Sunday, May 27, 2007

Politics: Europe: Republic of Ireland voters stunned with the win of Bertie Ahern's Fianna Fail Party, spurned coalition with Sinn Fein Party in Rpblc

BBC carries an article by James Helm, "Irish PM achieves 'unlikely' victory" (May26,2k7):

A couple of weeks ago, in the corridors of Stormont, the seat of devolved government in Northern Ireland, Bertie Ahern [Republic of Ireland "prime minister"] looked happy and relieved.

After 10 years of negotiations and frustrations, a power-sharing government - something that had at times seemed a distant, unlikely prospect - had been achieved [in Northern Ireland, which has remained part of the UK with local self-govt, but a UK working hand-in-glove with the Irish Republic which straddles most of the island from the Irish Sea to the Atlantic Ocean.]

The man known across Ireland simply as "Bertie" told me that, as a politician, this was "as good as it gets".

For Mr Ahern, the events of the last couple of days may push that achievement close for top billing. For much of the campaign, he was on the back foot, criticised and scrutinised, his strategy derided and his personal credibility called into question.

The polls had, more than once, suggested that voters might dump him out of office.

Third term

The two largest opposition parties, Fine Gael and Labour, with their "Alliance for Change", had suggested that the Irish electorate had an appetite for new faces and different policies.

Many pundits joined in, asking if this might be the end of the road for the man who has led Ireland since 1997.

Instead, he has won a remarkable victory, and is heading for a third term in office.

His personal popularity, which has carried him through tough times before, has again paid off. The man once dubbed the "Teflon Taoiseach", [Taoiseach is the Irish word for Prime Minister - P] because criticism just never seems to stick to him, has done it again. Mr Ahern may well be feeling pretty satisfied.

So how did Mr Ahern confound the pollsters, the pundits and the bookies?

Perhaps it was that personal popularity, or the fact that Irish voters objected to the questions and scrutiny of Mr Ahern's own financial dealings back in the 1990s - something those around him suggested had become a witch hunt.

Or maybe it was a satisfaction with the status quo.
Europe > Republic of Ireland
Media 'intrusion'

Much of Ireland, though not all, has had it pretty good [economically] in recent years, enjoying rapid economic growth. The campaign focussed on the state of public services, especially the health system.

Enda Kenny had been favoured to unseat Mr Ahern. But, as some looked down at their ballot papers, they might have wondered whether it really was the moment to sweep the current government from power.

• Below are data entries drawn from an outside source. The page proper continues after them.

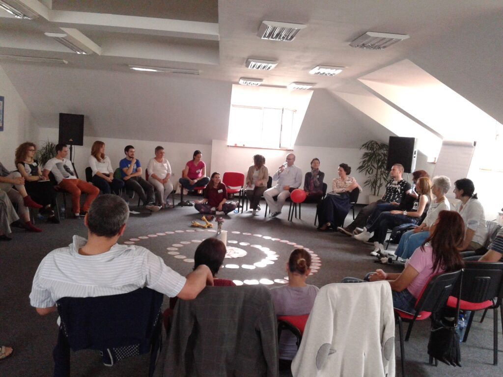 В далечната 2001 г., Емилия Илиева, Милена Ненкова и Ваня Иванова се срещат с метода Ненасилствена комуникация в рамките на проект за помирение на Балканите и вдъхновени от възможностите за приложението му в контекста на образованието и личностното развитие, преминават през поредица от обучения и инициират първите семинари в България. Темата за Ненасилствената комуникация присъства дълги години в програмата на фондация СЪЩНОСТ, която е домакин и организатор на основополагащи семинари и обучения с български и международни обучители.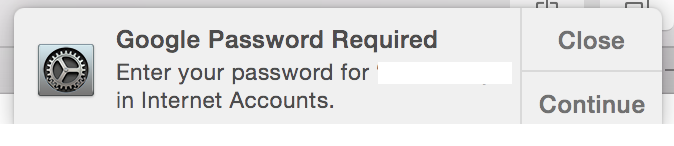 I keep getting the following notification to enter my Google password in internet accounts since updating to 10.10.3. I have Google's two-factor authentication enabled and have already entered my password through internet accounts but I keep getting this notification every few days. I have tried removing the account and adding again, but the same thing happens.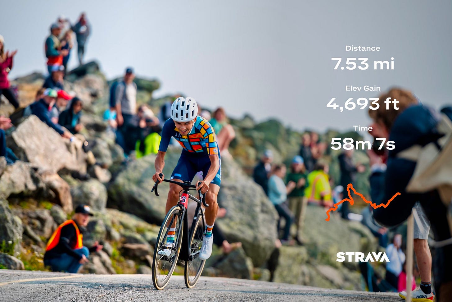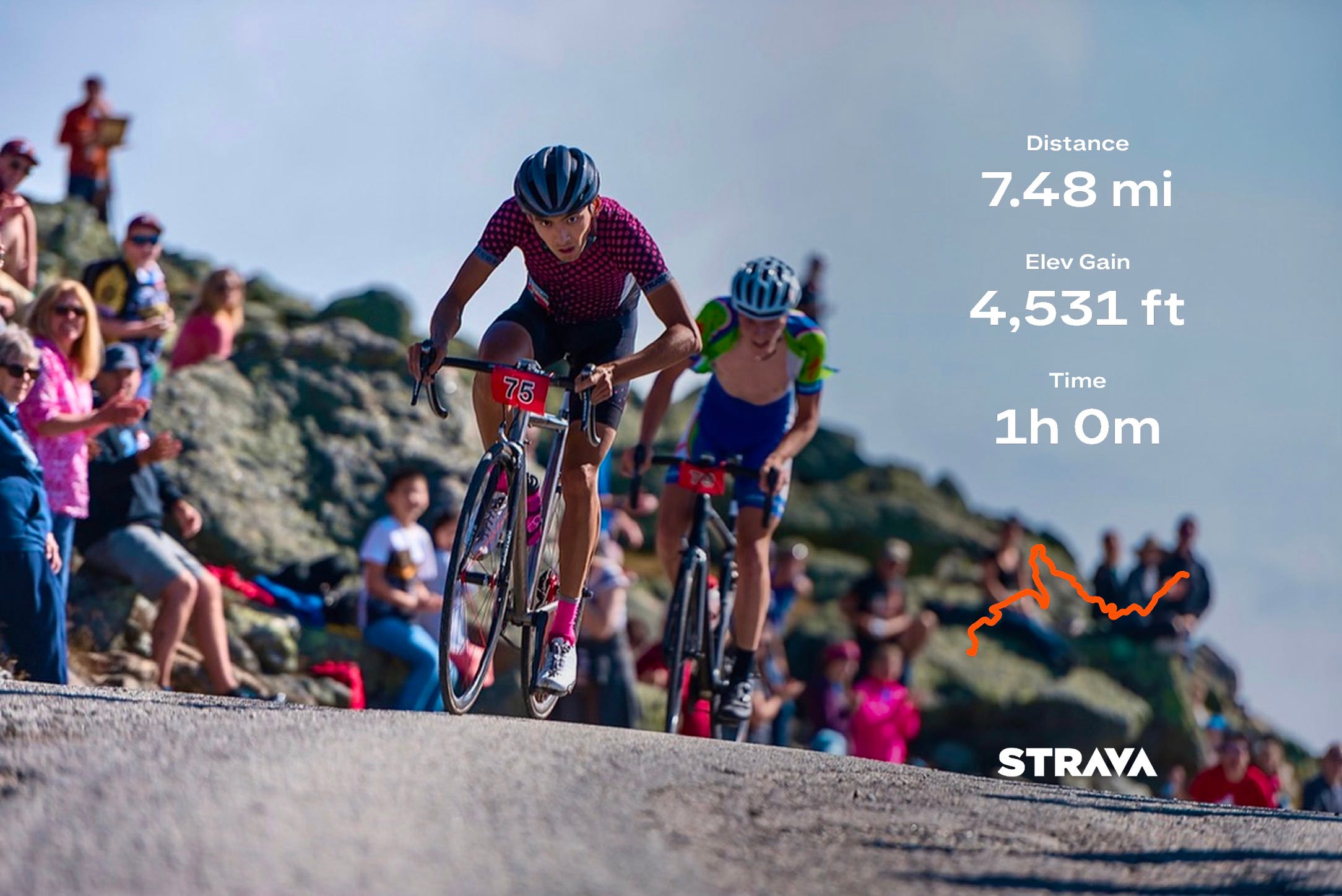 I open my eyes for the last time as I gently release my grip on the handlebars. I can see the crowd swelling near the top. I’m maybe three minutes away. I flip my Garmin screen to see my elapsed time.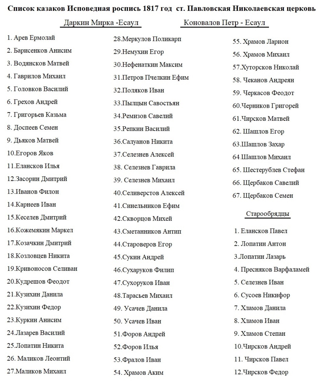 Список Волгских (Донских) казаков ст. Павловской (ныне ст.Старо-Павловская) из Исповедной росписи Свято-Николаевской церкви за 1817 год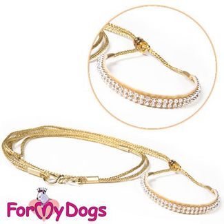 Закажите Ринговка для собак ForMyDogs цвет Золото с белыми кристаллами DS02-11-2012 G W у компании www.zoostyle-ekb.ru - Одежда для собак в России на портале Alloy:

Mr Ahern, never one to blow his own trumpet, said Fianna Fail had done well because of a surge in support among young voters. He also complained about what he said was an increasingly intrusive media.

Yet in the next couple of weeks Bertie Ahern will have little time for his favourite leisure pursuits, watching sport or tending his beloved hanging baskets. ...

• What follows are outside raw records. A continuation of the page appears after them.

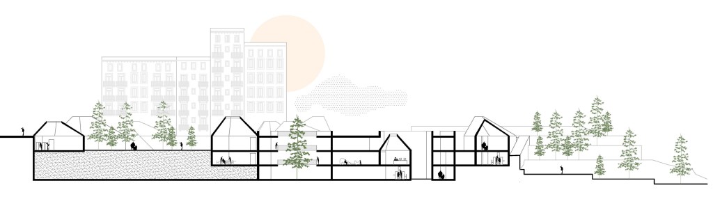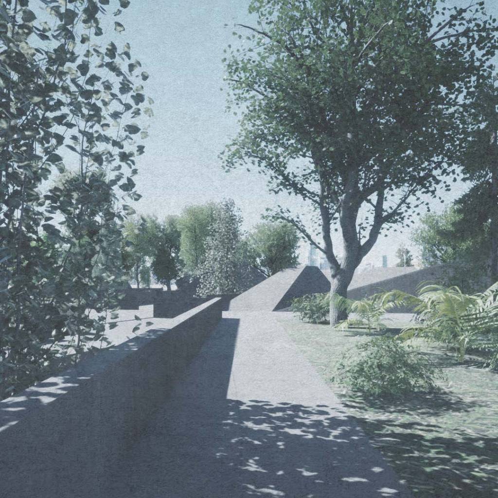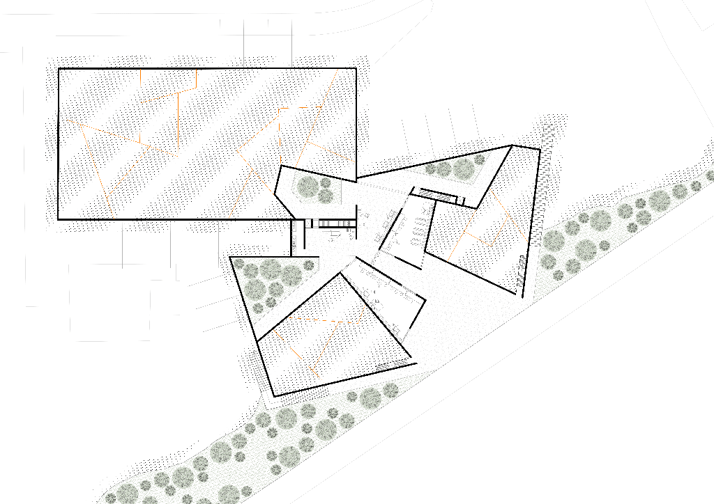 La geometría se debe a la voluntad de escapar de unos duros ejes cartesianos impuestos por la cimentación existente. Este proyecto pretende romper con un resto artificial y olvidado, pasando a ser parte de un organismo verde y útil.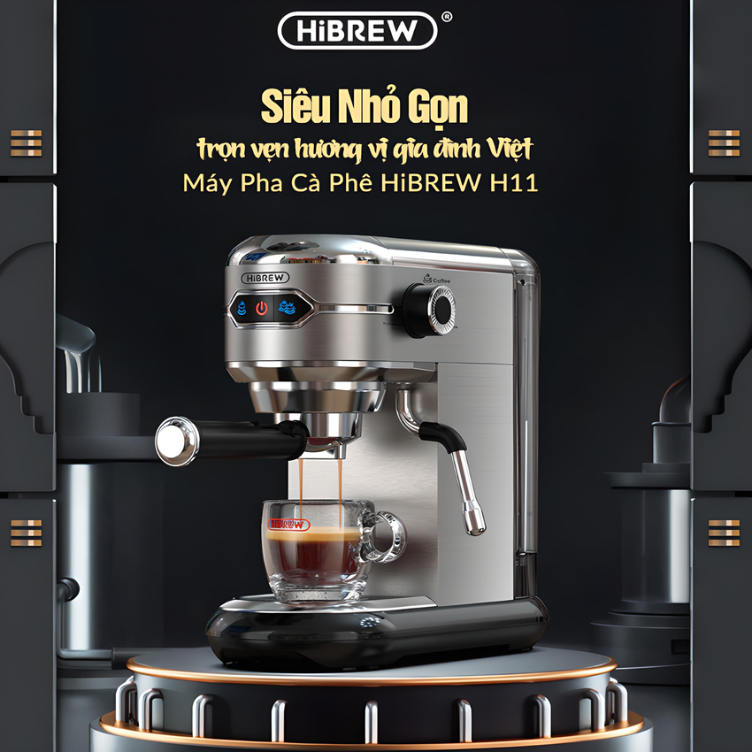 Máy pha cà phê espresso bán tự động thương hiệu HiBREW cao cấp H11 , áp suất 19bar , công suất 1450W - Hàng Chính Hãng Máy pha cà phê Espresso chuyên nghiệp HiBREW H11 là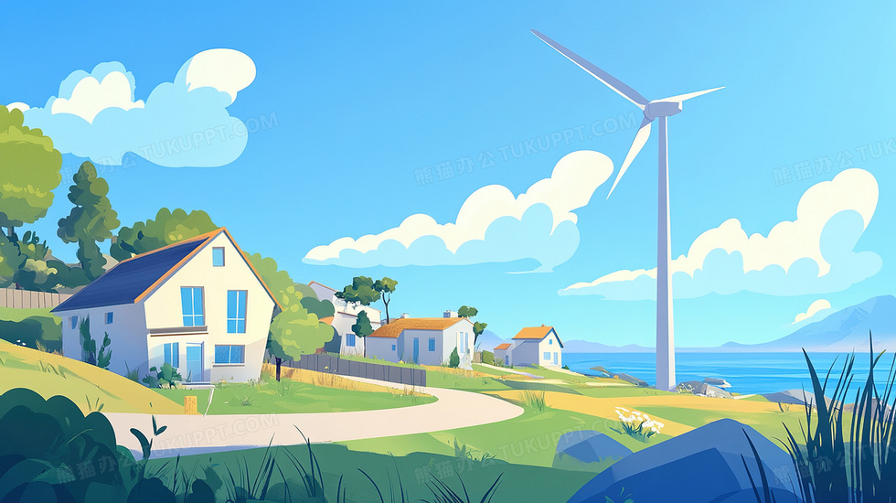 本作品内容为清洁能源风力发电风车与民房插画, 格式为 jpg, 大小3 MB, 图片尺寸为2912 x 1632, 源文件无水印, 欢迎使用熊猫办公。 如认为平台内容涉嫌侵权,可通过邮件:tousu@tukuppt.com提出书面通知,我们将及时处理。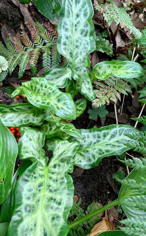 und ‚Milk and Honey‘ von Gert Geensen. Es ist eine zierliche Hosta des Winters. Drei Arum von Gert Geensen stehen bei uns im Garten: ‚Milk and Honey‘, ‚Hungarian Rapsody‘ und ‚Bella Italia‘. Alle drei unterscheiden sich sehr gut von den anderen Arum. Sie zeigen ein einmaliges Blattmuster.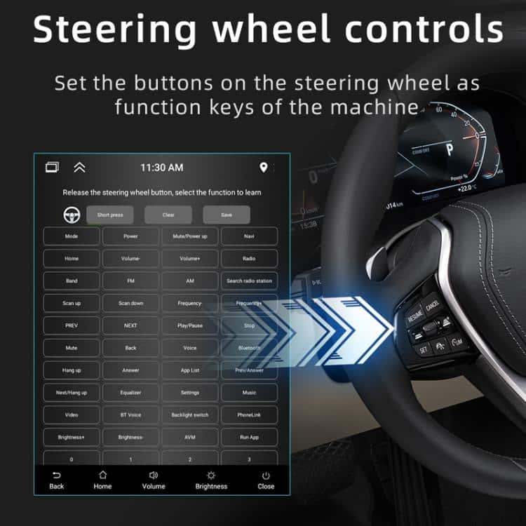 18. Unterstützt Handy-Anbindung, Rückfahrkamera (Kamera vorinstalliert), Video-Wiedergabewarnung, Lenkradsteuerung (Tastenlernfunktion), USB-Schnittstelle (USB 2.0 hinten), Fahrtenschreiber (USB-Signaleingang, Recorder vorinstalliert), Reset-Taste

Thursday's election saw Mr Ahern's Fianna Fail emerge as the largest party, while the biggest opposition grouping, Fine Gael, made strong gains.
Voters selected two main parties to set the tone of the national political debate--one to govern, the other to offer a serious loyal opposition--with the remaining parties pretty well particalized.
But the smaller parties - Labour, Greens, Sinn Fein and the Progressive Democrats [PDs] - were squeezed. Independents also suffered.

Sinn Fein had gone into the election with high hopes, seemingly riding the crest of a wave after joining the power-sharing government in Northern Ireland.

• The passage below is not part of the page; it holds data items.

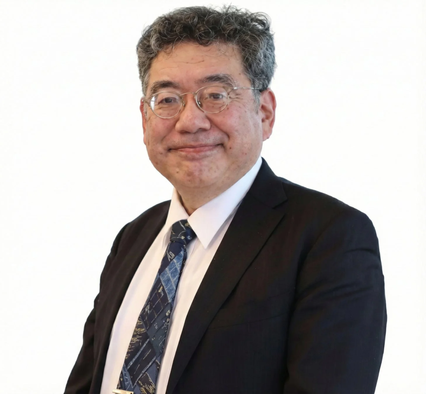 白背景の前で笑顔で立つ、眼鏡をかけたアジア系の男性のポートレートです。黒いスーツと柄物のネクタイを着用しており、プロフェッショナルな印象を与えます。
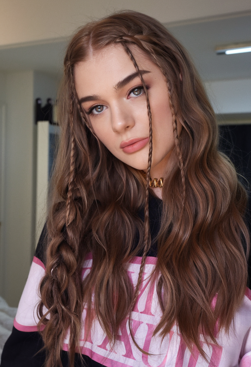 This soft, bohemian-inspired braided hairstyle is an effortless yet stunning option for fall hairstyles for long hair 2024. With loose waves and delicate braids framing the face, this look works well for both casual days and more formal events like prom or weddings. The easy, tousled waves give off a romantic vibe, making it an excellent choice for a bridesmaid or wedding guest style. The braids add a whimsical, carefree touch to an otherwise simple, trendy fall look.
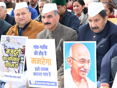 Shimla, Dec 29 Himachal Pradesh Chief Minister Sukhvinder Singh Sukhu along with his Cabinet members, on Monday, held a protest near the statue of Mahatma Gandhi at the Ridge here, opposing the Central government's decision to discontinue the Mahatma Gandhi National Rural Employment Guarantee Act (MNREGA) scheme.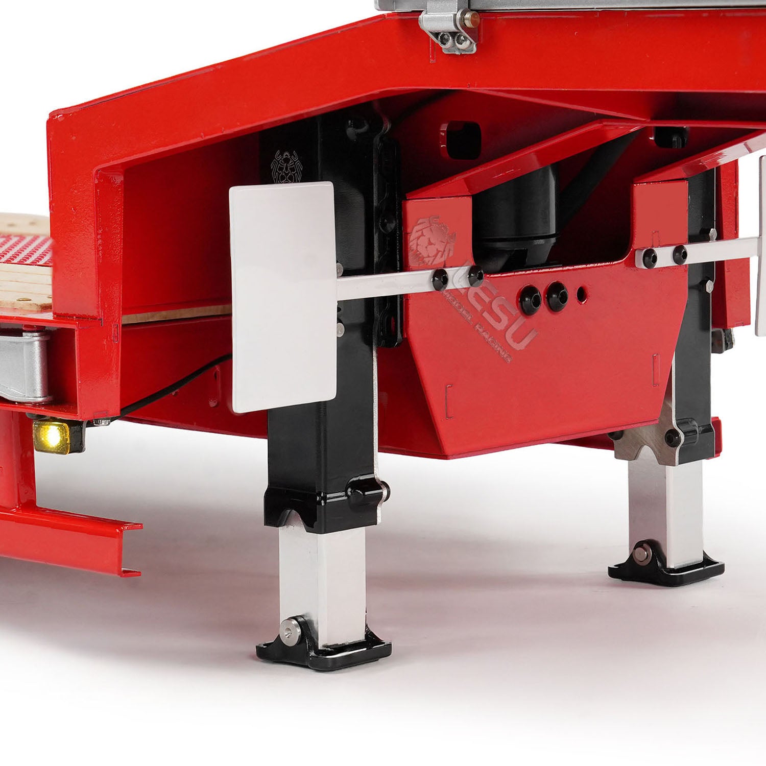 2. Features CNC-machined metal axles with 5-axle steering functionality. The metal wheel hubs are matched with high-quality rubber tires, and the axle suspension adopts simulated airbag suspension for enhanced realism.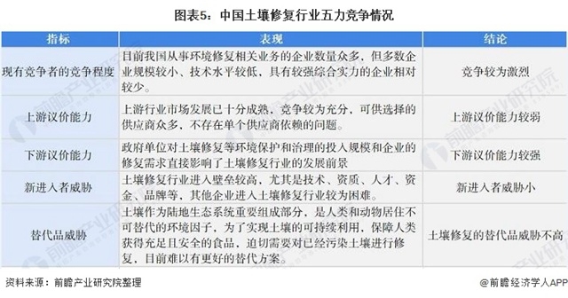5、中國土壤修復(fù)行業(yè)競爭狀態(tài)總結(jié)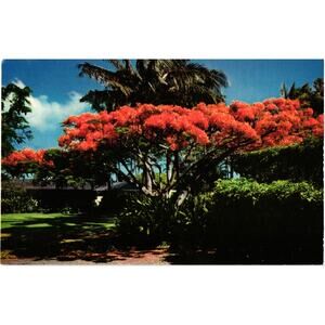 The Flame Tree is a vibrant symbol of nature's beauty, known for its striking, fiery red flowers that burst into full bloom, creating a stunning display of color. This postcard captures the majestic tree in full bloom, set against a clear blue sky or tropical backdrop.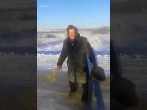 Баба Раиса Јапарова е пензионерката која наместо да дреме по цел ден пред печката, решила да им помогне на другите луѓе посипувајќи го замрзнатиот пат со песок.

But afterwards its president, Gerry Adams, talked of his party "dusting itself down" and looking at why it failed to build on past successes.
The very good news is that Sinn Fein--now presumably thoroly disconnected from IRA terrorists that targetted Northern Ireland for so many years--is losing what bloc of interest and influence that they had had during the previous election in the Irish Republic.

For all its satisfaction, Fianna Fail does not have an overall majority in the 166-member parliament.

For the past ten years, the right-of-centre PDs have been its coalition partners. But their support drained away this time round, and its leader, the controversial Justice Minister Michael McDowell, was the election's most high-profile casualty.

So the most likely options are that Mr Ahern forms a coalition with Labour Party or Greens. Either way, it means a possible change of political direction.

Mr Ahern is 55, and has said he will leave active politics when he turns 60. In his retirement, when he has more time for gardening and football-watching, he may look back at May 2007 with a great deal of fondness.
I hope that Bertie, tho he may be somewhat the scoundrel some of his detractors amplify, has another full term. Realignments in the Irish array of parties, where coalition govts are the norm, are taking place already. The process will continue. At some point, Fianna Fail will have a new younger Taoiseach at its helm, Sinn Fein will disappear from the Republic of Ireland.